Which lines run from the line with "Micro HDMI Male" to the end of the entries? Write out exactly those, leaving out the pictures.

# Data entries
Segment Open
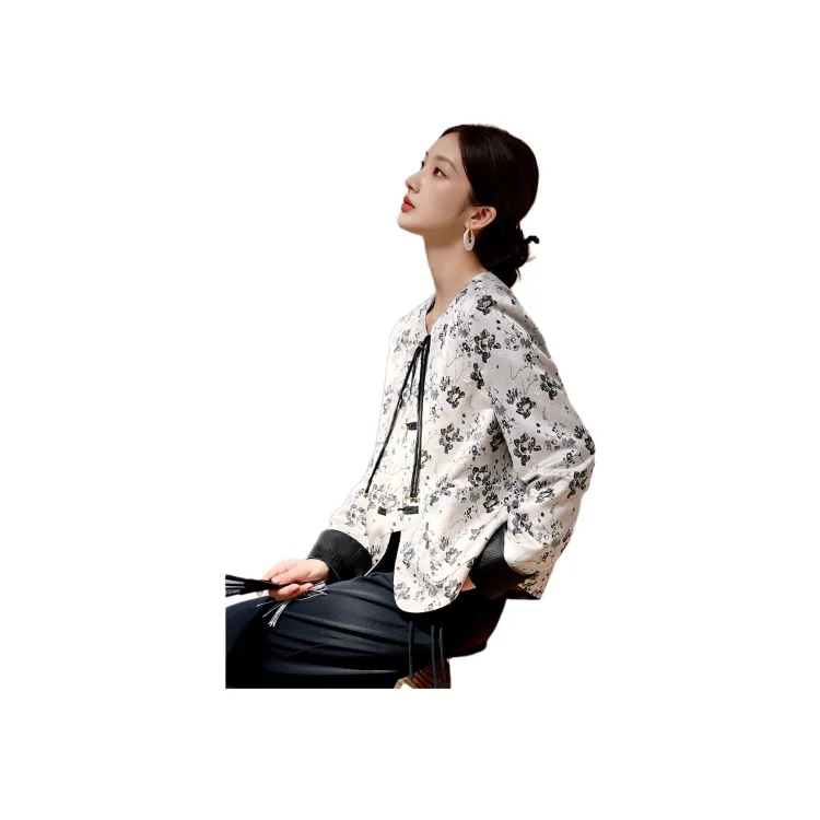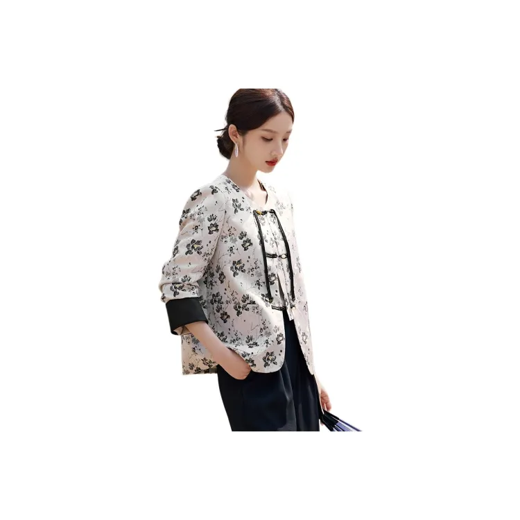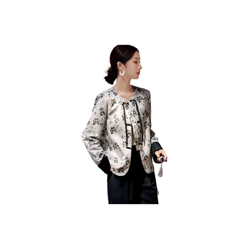 XWI Бежевый с черными цветами Женские Куртки
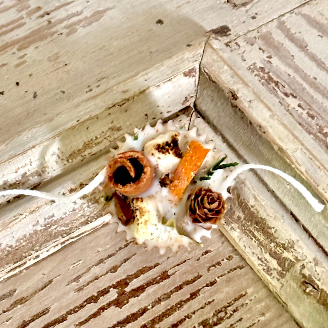 S'MORES: soy wax/ cotton wick/ cinnamon sticks/ baby pine cones/ evergreen/ star anise/ clove/ painted white polka dot stick/ bay leaf / signature scent
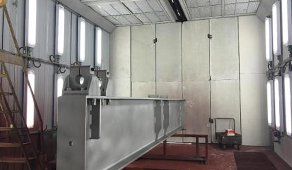 設(shè)備由噴砂房、清理房、底中面漆噴漆房、流平房、烘房、強(qiáng)冷室及輸送系統(tǒng)、電氣控制系統(tǒng)等組成,工藝要求不同,設(shè)備配置略有差異
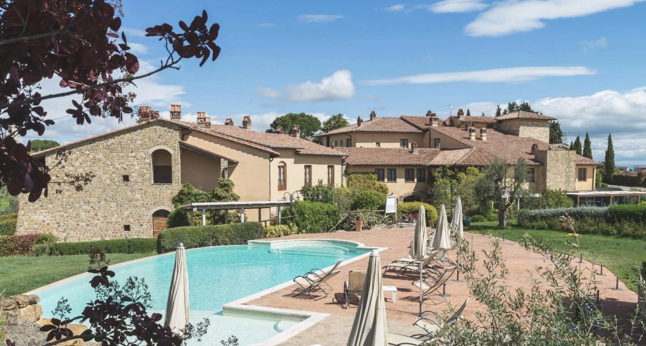 Hotel Borgo di Cortefreda enjoys a spectacular location in the heart of Tuscany, with sweeping vineyard views from the hotel’s garden-filled grounds. Amenities of this classic Italian villa include a restaurant and bar, spa with sauna and steam room, outdoor infinity swimming pool with panoramic views of the countryside, poolside bar, lounge, and complimentary Wi-Fi internet access. Air-conditioned guest rooms include a private bath with hair dryer, minibar, TV, and phone.
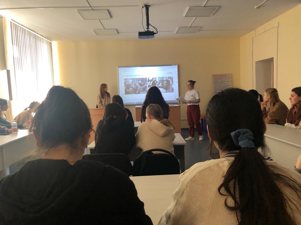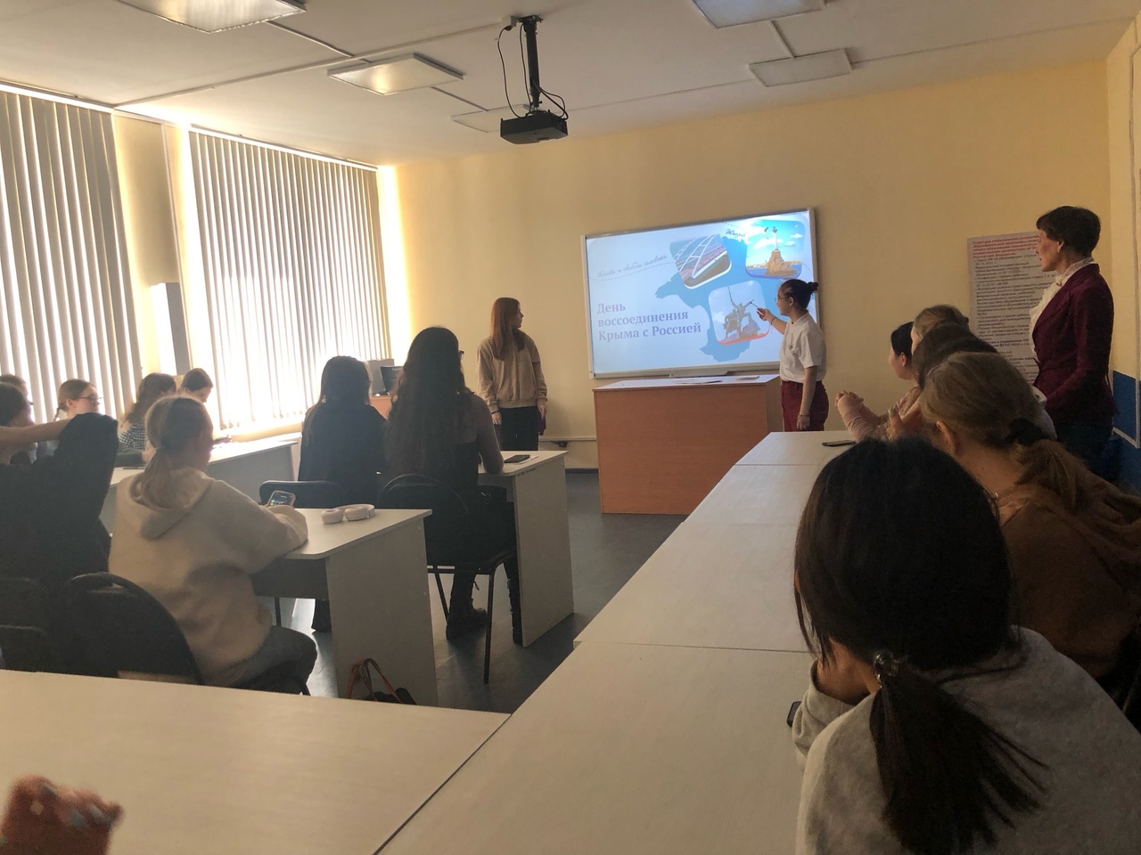 20 марта  2023 года в рамках просветительских мероприятий «Разговор о важном» для студентов 1 и 2 курсов, обучающихся по направлению «Начальное образование», была организована беседа на тему «День  воссоединения Крыма с Россией».  В качестве докладчиков выступили студентки 3 курса Николь Харисова и Анастасия Жарова (руководитель –  Е.А. Савельева, к.п.н., доцент кафедры ТиМНО). Студенты вспомнили важнуюдату  и историю воссоединения Крыма с Россией, расширили представления о культурных и природных объектах полуострова. Студентам был показан видеосюжет "Крым в сердце каждого из нас".  Особый интерес они проявили к практической части мероприятия —  интерактивной игре "Карта Крыма".
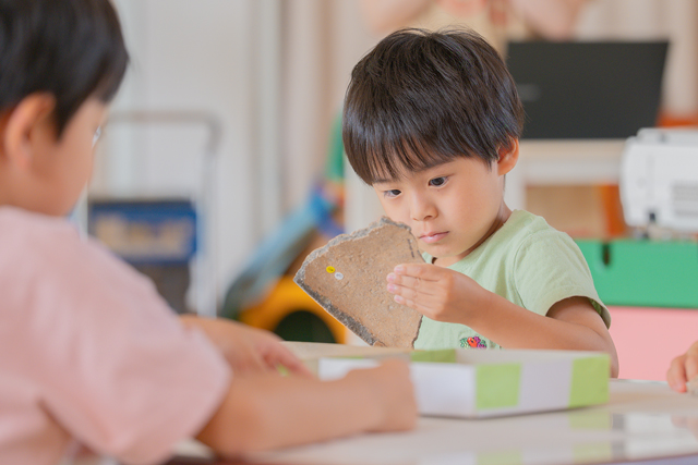 その「人と関わる心地よさや安心感」は、自らの学びを生み出すエネルギーとなり、様々な事柄に興味関心を抱き、感じ、考え、工夫し、表現する姿となります。乳幼児期の子どもたちにとって学びは、園生活での保育者との信頼関係、主体的な遊び、探究活動、仲間との時間、多様な経験のなかから生まれます。私たちは、その「学びの芽」を大切にし、それらの「学びの芽」が互いに繋がり、広がったり深まったりするように支えます。
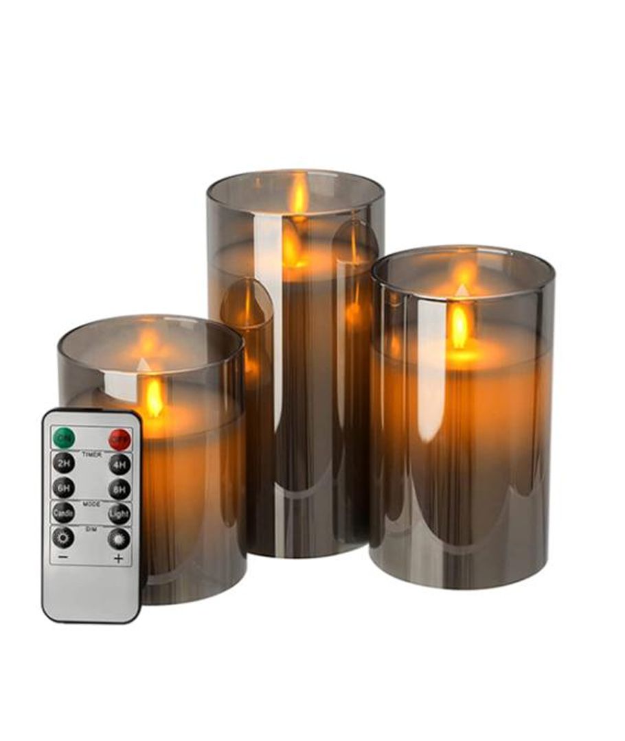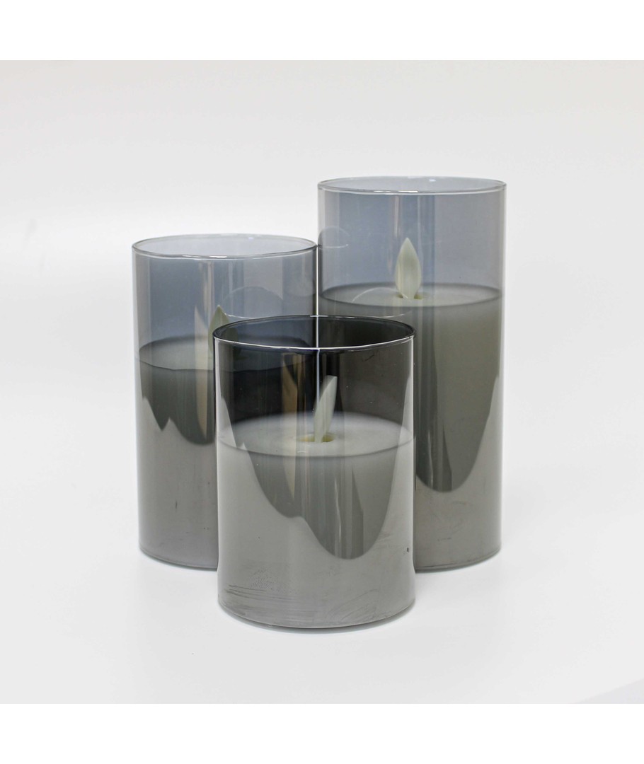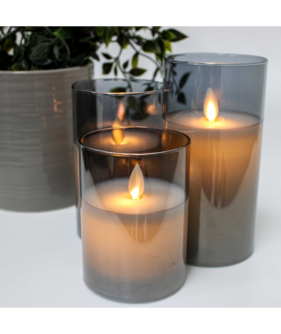 Ervaar de gezelligheid en de elegante sfeer met onze LED blokkaars set in rookglas, die echte was combineert met een realistisch vlam effect. Perfect om een warme ambiance in huis te creëren.
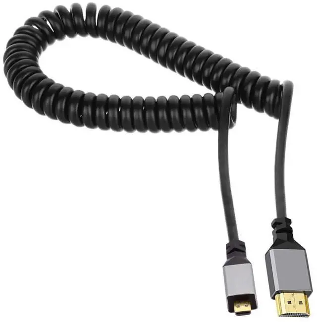 Micro HDMI Male to HDMI Male 4K 60hz Stretch Coiled Cable for HDTV Computer Laptop Monitor
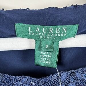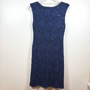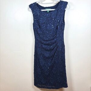 Lauren Ralph Lauren Navy Lace Sequin Sheath Dress Women's 8 Gathered Waist NWT
Segment Closed
# EXERCISE SOLUTION
 Micro HDMI Male to HDMI Male 4K 60hz Stretch Coiled Cable for HDTV Computer Laptop Monitor
 Lauren Ralph Lauren Navy Lace Sequin Sheath Dress Women's 8 Gathered Waist NWT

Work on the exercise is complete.